第17回 日本産業衛生学会 産業医・産業看護全国協議会のシンポジウムで、「職場のメンタルヘルス不調の早期発見・早期対応」をテーマに発表をしてきました。

メンタルヘルス不調者の早期発見を行うポイントは、次の4つです。

(1) 管理監督者へのラインケア教育
(2) 一般社員へのセルフケア教育
(3) 相談窓口の整備と周知
(4) 早期発見のための情報収集

中でも「職場の上司に早く見つけてもらって」「相談窓口に早くつないでもらう」ことが効果的です。そのためには、(1)管理監督者の教育、(3)相談窓口の整備をしっかり行うことが大切です。

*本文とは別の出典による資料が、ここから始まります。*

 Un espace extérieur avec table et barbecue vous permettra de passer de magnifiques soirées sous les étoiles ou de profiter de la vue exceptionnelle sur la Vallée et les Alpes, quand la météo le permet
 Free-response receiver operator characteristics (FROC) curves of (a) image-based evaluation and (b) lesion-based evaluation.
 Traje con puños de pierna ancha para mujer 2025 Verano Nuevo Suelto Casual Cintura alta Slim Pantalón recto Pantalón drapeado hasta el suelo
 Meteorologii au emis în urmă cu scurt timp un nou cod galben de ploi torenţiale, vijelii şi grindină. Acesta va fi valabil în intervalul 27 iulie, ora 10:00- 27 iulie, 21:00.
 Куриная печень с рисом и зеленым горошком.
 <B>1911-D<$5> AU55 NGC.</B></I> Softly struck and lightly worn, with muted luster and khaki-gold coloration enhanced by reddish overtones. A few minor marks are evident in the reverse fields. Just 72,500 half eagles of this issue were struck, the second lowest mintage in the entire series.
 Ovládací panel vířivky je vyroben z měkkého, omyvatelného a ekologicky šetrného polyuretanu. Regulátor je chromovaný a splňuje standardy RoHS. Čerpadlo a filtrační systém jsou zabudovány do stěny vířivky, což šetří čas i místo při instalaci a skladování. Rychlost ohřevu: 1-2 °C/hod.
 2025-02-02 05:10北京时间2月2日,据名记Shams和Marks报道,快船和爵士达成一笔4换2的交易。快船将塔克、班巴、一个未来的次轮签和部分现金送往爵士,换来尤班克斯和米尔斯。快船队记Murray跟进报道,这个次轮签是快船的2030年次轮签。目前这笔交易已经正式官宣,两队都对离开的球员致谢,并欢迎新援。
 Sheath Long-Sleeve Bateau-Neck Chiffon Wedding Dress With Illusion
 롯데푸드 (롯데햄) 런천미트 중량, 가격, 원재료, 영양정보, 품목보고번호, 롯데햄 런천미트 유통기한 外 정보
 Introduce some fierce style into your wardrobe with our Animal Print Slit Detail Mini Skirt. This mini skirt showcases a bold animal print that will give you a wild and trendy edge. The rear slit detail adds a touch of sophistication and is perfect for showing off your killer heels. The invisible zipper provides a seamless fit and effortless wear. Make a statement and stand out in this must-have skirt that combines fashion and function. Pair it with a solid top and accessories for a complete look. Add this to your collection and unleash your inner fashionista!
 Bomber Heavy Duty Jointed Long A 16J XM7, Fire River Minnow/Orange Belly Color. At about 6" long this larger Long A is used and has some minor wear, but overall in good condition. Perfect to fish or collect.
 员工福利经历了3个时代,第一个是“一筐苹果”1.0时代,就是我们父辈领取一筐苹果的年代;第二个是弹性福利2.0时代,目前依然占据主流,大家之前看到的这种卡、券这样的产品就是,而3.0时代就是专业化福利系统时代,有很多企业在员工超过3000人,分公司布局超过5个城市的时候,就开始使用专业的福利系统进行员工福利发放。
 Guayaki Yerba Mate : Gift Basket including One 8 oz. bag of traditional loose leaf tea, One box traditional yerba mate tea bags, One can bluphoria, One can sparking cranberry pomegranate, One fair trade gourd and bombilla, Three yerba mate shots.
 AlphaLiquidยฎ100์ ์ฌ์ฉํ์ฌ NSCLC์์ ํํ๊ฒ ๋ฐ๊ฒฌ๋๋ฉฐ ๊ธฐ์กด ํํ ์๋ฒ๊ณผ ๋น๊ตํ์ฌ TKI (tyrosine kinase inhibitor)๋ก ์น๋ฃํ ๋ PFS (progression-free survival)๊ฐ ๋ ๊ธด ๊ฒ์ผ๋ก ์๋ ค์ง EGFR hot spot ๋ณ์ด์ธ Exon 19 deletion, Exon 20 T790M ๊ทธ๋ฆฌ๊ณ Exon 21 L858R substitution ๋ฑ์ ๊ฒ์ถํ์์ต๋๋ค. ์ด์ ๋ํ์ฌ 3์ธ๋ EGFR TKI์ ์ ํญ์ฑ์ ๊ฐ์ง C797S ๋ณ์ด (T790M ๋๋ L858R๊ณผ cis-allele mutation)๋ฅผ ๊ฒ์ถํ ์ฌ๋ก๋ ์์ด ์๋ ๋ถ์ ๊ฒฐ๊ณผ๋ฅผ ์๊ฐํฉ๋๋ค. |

また、現場の情報収集や信頼関係の構築など、予防活動の基盤を作るには、産業保健スタッフと社員が日ごろからフェイス・トゥ・フェイスの関わりを持つことが有効であると強調してきました。

著名な先生方に囲まれての発表はとても緊張しましたが、とりあえず「わかりやすい説明をする」「かっこいいスライドを披露する」という目標は達成できたかなと思います。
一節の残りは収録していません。